Dans les chapitres précédents, le développement de l’individu et des organisations a été présenté à travers l’approche des capabilités, notion empruntée aux travaux d’Amartya Sen, et plus spécifiquement par l’approche des capabilités collectives (Dubois, 2008). Il a été montré en quoi les capabilités collectives ne sont pas la seule juxtaposition ou agrégation de capabilités individuelles mais relèvent bien de l’émergence d’une possibilité nouvelle et collective d’agir et de créer. Elles permettent aux opérateurs engagés dans une action collective de mettre en forme l’agencéité collective c’est-à-dire d’être en mesure collectivement de faire quelque-chose autour d’un but commun. Trois éléments fondateurs ont été identifiés comme nécessaire au développement des capabilités collectives, éléments qui doivent interagir : l’activité collective des opérateurs (le moteur), des structures organisationnelles adéquates (le support) et du capital social entre ces acteurs (le lubrifiant).

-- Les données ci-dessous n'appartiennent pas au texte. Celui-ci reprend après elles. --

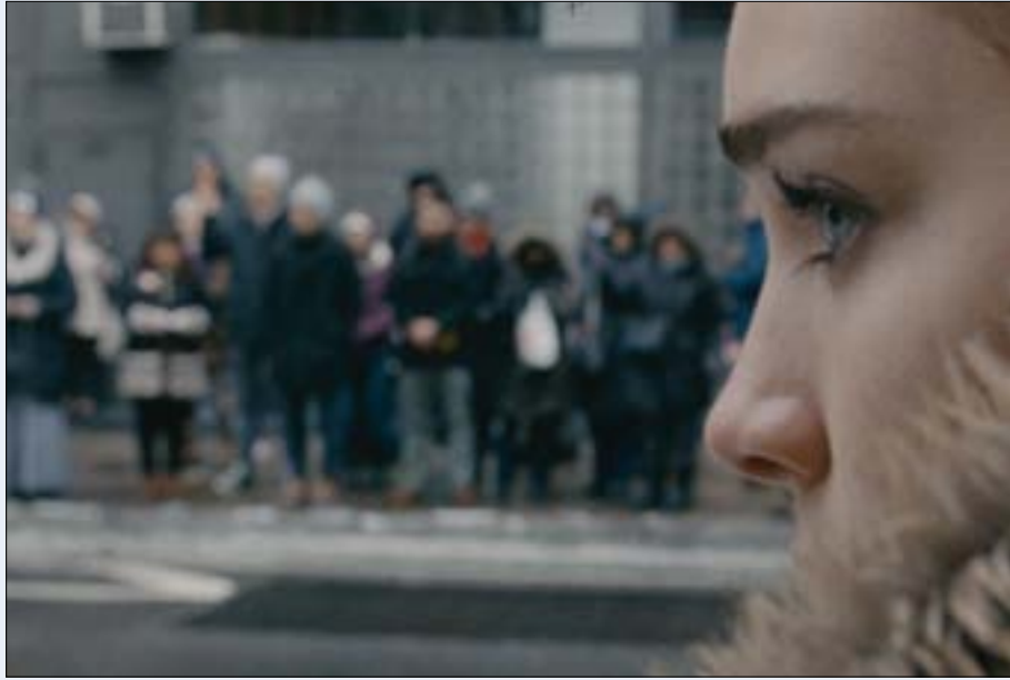
من شريط «أبدأ نادراً أحياناً دائماً» للمخرجة الأميركية إليزا هتمان
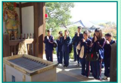
叡福寺で手を合わせる両校生徒

10月25日(木)本校の中学2、3年生と天王寺区にある上宮学園中学校の1年生との合同校外学習が行われた。両校の親睦を深めることはもちろん古代の史跡に囲まれた太子町において歴史を学ぶ目的で実施された。小野妹子の墓や推古天皇陵、竹ノ内街道、聖徳太子の御廟がある叡福寺などを半日かけてすべて徒歩で移動し、ポイントで社会科教員の解説を受けながら歴史見識を高めた。
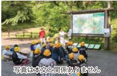
写真は本文と関係ありません

私は、あおぞら子ども会に参加して、人権について学習をしています。私が学習した中で、心に残っていることを紹介します。 まず、あおぞら子ども会の先ばいである高校生から聞いた話です。その先ばいは、「聞く」ことが大切だという話をしてくださりました。「聞く」ことで様々なことを知ることができるといふ話の内容でした。 私は、その話を聞いて、知ることについて二つ考えました。一つは、相手の知ることができるといふことです。「聞く」ことで、その人の考えを知ることが出来ます。そして、お互いを理解し合うことができますと思えました。もう一つは、知識として知ることです。知ることでおかしいと思うことに気付くことができます。まずは、様々なことを正しく知ることが大切だと思えました。 次に、ほかくした野生動物の肉を加工する仕事をしている方に会って話を聞いたことです。偏見について学習しました。世の中には、見た目だけでなく仕事の内容で偏見を持つ人がいるそうです。少しおどるきましました。私たちが、生きていくために必要な仕事をしてもらっているのにその仕事に、偏見を持つなんておかしいと思えました。その方は、「最初は肉を加工する仕事にいいところがあったけれど、だれかがやらな」と話してくださいました。 私は、毎日だれかがどこかで私たちのために仕事をしてくださっていることを知りました。そして、そのおかげで、生活することができていることに感謝したいと思えました。 また、私たちが生かしてくれているのは、人だけではありません。食事に使われている動物も同じです。生きるためには、食べなくてははいけません。そうした生き物にも感謝をして、「いただきます。」「ごちそうさま。」と言いたいです。この学習から、命の尊さについて考えました。 私は、あおぞら子ども会で、いろいろなことを知ることができてよかったです。大人になっても人を見た目や職業で判断しない人になります。

L’activité collective, génératrice des capabilités individuelles en capabilités collectives, a été définie par l’interaction nourrissante du travail collectif et du collectif de travail. C’est bien cette activité collective qui construit, nourrit le développement des sujets et des collectifs et constitue le moteur de l’apprentissage, de la transformation et de la performance, ressource pour l’émergence de nouvelles libertés pour les individus.

L’activité sera dite constructive si elle permet ces changements, ce qui suppose qu’elle

détienne en elle des ressources auxquelles les opérateurs auront accès et en favorise

l’exploration, mais aussi des facteurs de conversion permettant de transformer ces ressources (individuelles, collectives, technico-organisationnelles) en réalisations effectives (Falzon, 2013). L’individu et le collectif auront alors l’opportunité concrète d’accomplir ce qu’ils ont des raisons de valoriser, de réaliser un « travail bien fait » (Arnoud, 2013).

Cela suppose un environnement favorable pour que les capabilités individuelles et collectives puissent être exercées, ce que Sen décrit comme les conditions nécessaires pour qu’un droit formel devienne une capabilité réelle (Falzon & Mollo, 2009) : un environnement capacitant (Falzon, 2005a).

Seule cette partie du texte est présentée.